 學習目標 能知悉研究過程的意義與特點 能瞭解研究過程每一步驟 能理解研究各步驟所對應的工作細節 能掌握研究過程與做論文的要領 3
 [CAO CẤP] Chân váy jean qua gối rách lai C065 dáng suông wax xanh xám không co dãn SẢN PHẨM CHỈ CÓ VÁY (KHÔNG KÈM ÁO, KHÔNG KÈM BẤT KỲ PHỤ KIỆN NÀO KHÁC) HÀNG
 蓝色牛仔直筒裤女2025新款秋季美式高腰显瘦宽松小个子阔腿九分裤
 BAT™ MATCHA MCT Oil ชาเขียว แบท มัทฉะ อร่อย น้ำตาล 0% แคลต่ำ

...

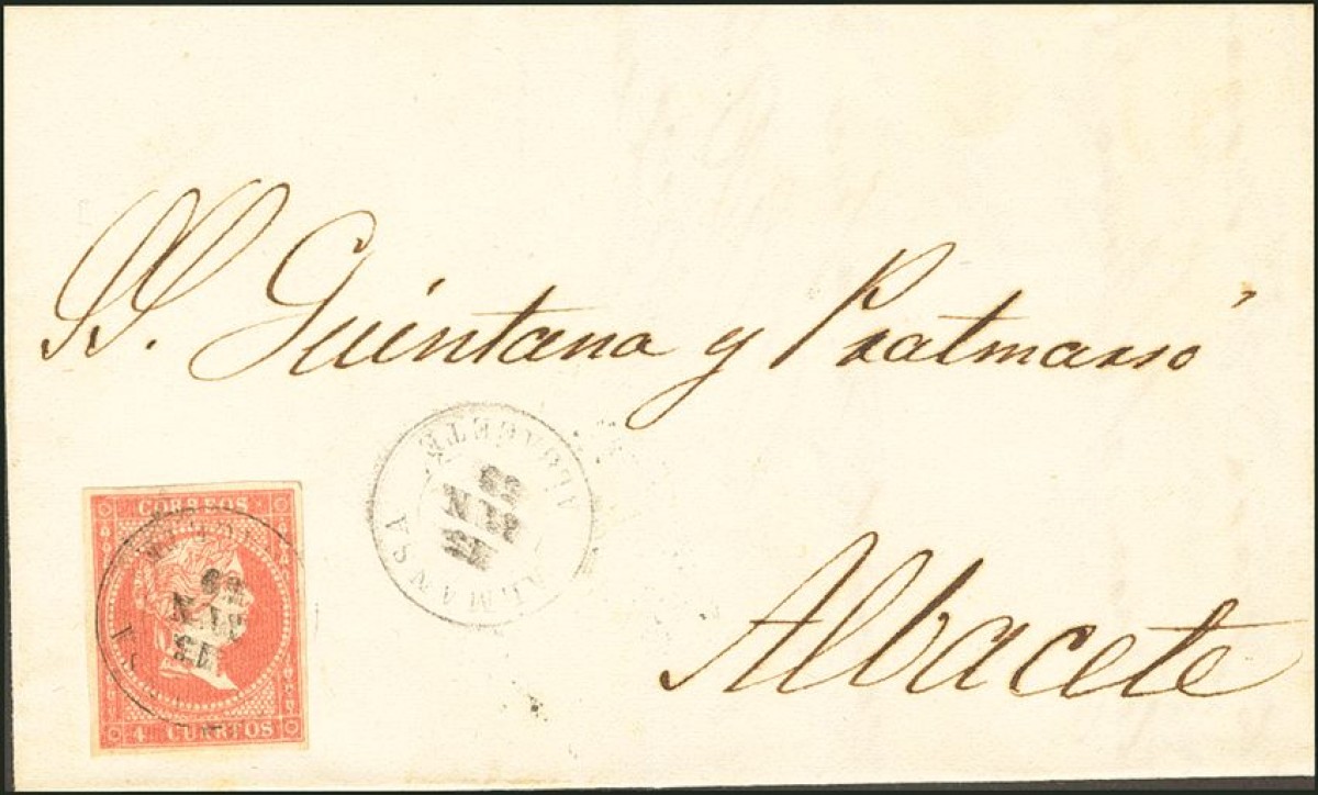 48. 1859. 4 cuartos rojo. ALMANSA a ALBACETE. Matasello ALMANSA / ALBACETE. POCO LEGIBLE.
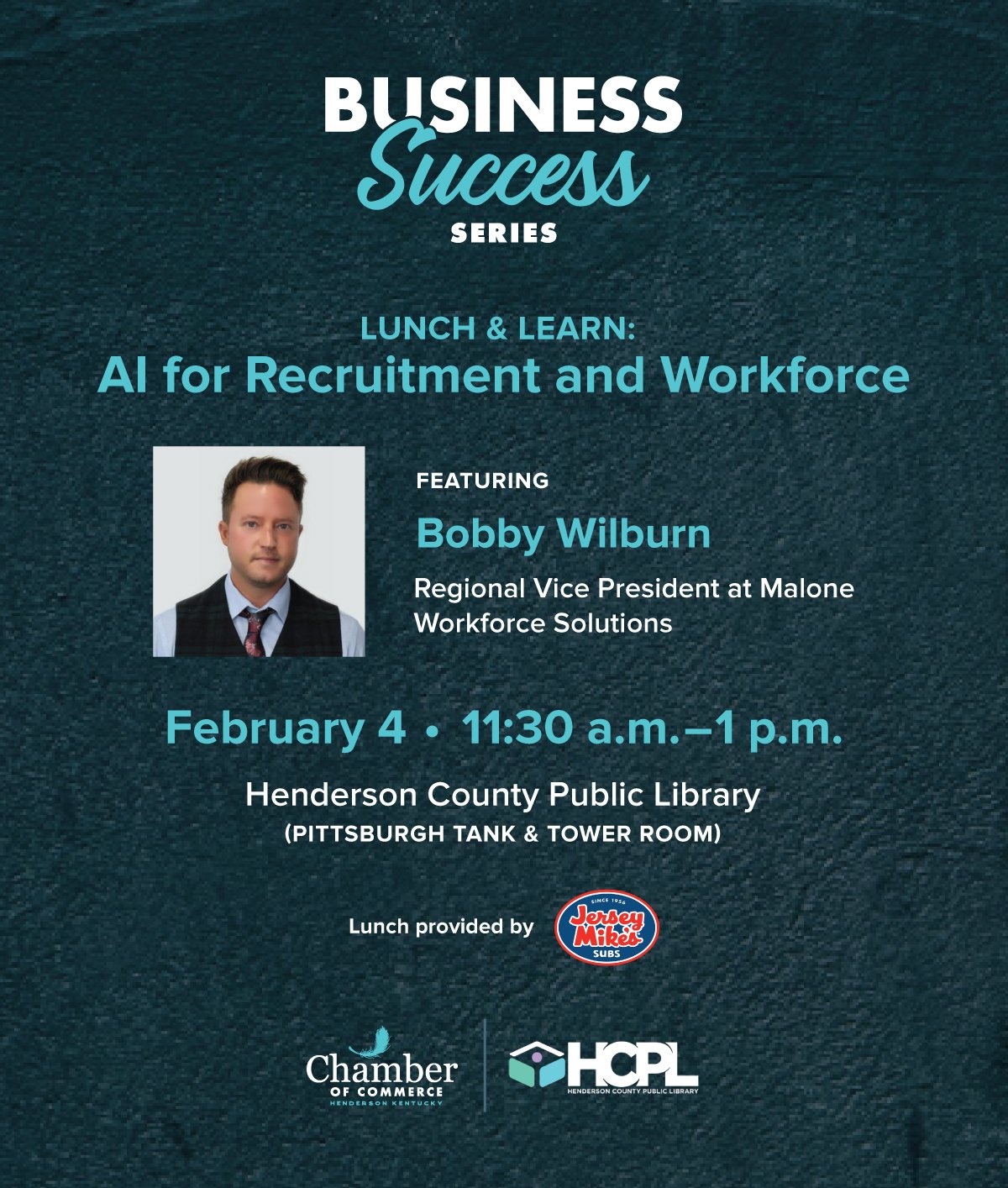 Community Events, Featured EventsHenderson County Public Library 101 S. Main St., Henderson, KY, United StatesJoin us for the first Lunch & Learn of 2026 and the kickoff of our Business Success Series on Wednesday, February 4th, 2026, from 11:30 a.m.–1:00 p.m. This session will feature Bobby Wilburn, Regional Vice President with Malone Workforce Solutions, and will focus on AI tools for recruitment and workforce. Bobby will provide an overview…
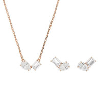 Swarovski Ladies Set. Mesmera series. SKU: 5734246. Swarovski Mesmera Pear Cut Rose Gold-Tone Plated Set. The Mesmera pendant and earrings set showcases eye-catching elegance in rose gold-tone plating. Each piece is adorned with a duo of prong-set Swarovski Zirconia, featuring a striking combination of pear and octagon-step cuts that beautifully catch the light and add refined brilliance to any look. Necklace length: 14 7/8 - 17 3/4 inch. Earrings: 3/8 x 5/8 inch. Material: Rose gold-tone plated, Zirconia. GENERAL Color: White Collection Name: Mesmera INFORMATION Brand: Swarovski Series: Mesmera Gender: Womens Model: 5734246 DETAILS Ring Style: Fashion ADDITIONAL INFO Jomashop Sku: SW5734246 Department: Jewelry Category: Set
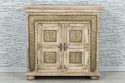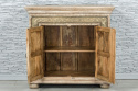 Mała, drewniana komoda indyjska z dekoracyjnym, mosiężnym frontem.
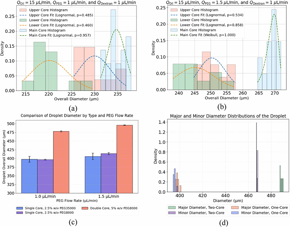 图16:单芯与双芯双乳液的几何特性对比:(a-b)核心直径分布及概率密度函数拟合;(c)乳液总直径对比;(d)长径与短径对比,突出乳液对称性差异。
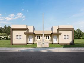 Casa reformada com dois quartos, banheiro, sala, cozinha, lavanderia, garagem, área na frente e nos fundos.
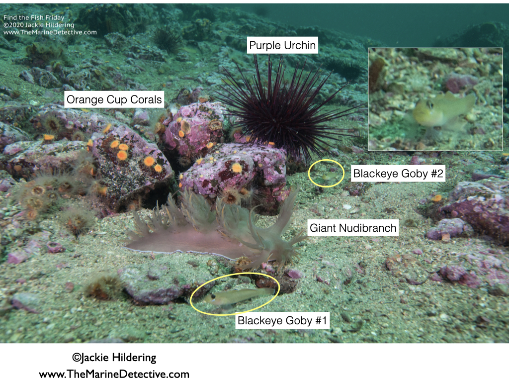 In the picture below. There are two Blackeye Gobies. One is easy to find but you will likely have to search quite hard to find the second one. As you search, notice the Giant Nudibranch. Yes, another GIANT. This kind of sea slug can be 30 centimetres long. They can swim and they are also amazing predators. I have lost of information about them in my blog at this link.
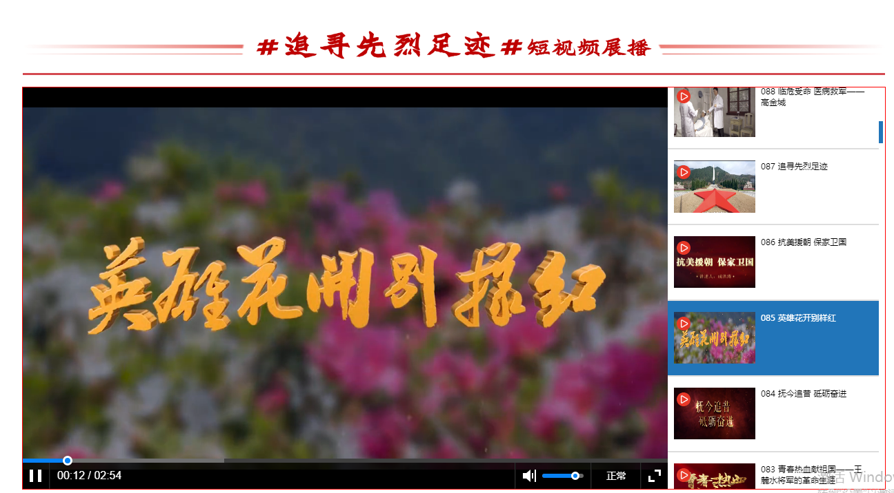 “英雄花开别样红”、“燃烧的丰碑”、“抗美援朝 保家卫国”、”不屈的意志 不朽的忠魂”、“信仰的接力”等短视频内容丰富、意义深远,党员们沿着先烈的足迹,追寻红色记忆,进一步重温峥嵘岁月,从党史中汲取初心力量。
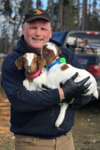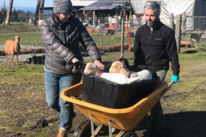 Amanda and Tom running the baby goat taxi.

Exercise directions> Only one stretch of the data is wanted: write out exactly the lines from the one holding "Community Events, Featured" through the one holding "图16:单芯与双芯双乳液的几", both included, without the pictures.

Task answer>
 Community Events, Featured EventsHenderson County Public Library 101 S. Main St., Henderson, KY, United StatesJoin us for the first Lunch & Learn of 2026 and the kickoff of our Business Success Series on Wednesday, February 4th, 2026, from 11:30 a.m.–1:00 p.m. This session will feature Bobby Wilburn, Regional Vice President with Malone Workforce Solutions, and will focus on AI tools for recruitment and workforce. Bobby will provide an overview…
 Swarovski Ladies Set. Mesmera series. SKU: 5734246. Swarovski Mesmera Pear Cut Rose Gold-Tone Plated Set. The Mesmera pendant and earrings set showcases eye-catching elegance in rose gold-tone plating. Each piece is adorned with a duo of prong-set Swarovski Zirconia, featuring a striking combination of pear and octagon-step cuts that beautifully catch the light and add refined brilliance to any look. Necklace length: 14 7/8 - 17 3/4 inch. Earrings: 3/8 x 5/8 inch. Material: Rose gold-tone plated, Zirconia. GENERAL Color: White Collection Name: Mesmera INFORMATION Brand: Swarovski Series: Mesmera Gender: Womens Model: 5734246 DETAILS Ring Style: Fashion ADDITIONAL INFO Jomashop Sku: SW5734246 Department: Jewelry Category: Set
 Mała, drewniana komoda indyjska z dekoracyjnym, mosiężnym frontem.
 图16:单芯与双芯双乳液的几何特性对比:(a-b)核心直径分布及概率密度函数拟合;(c)乳液总直径对比;(d)长径与短径对比,突出乳液对称性差异。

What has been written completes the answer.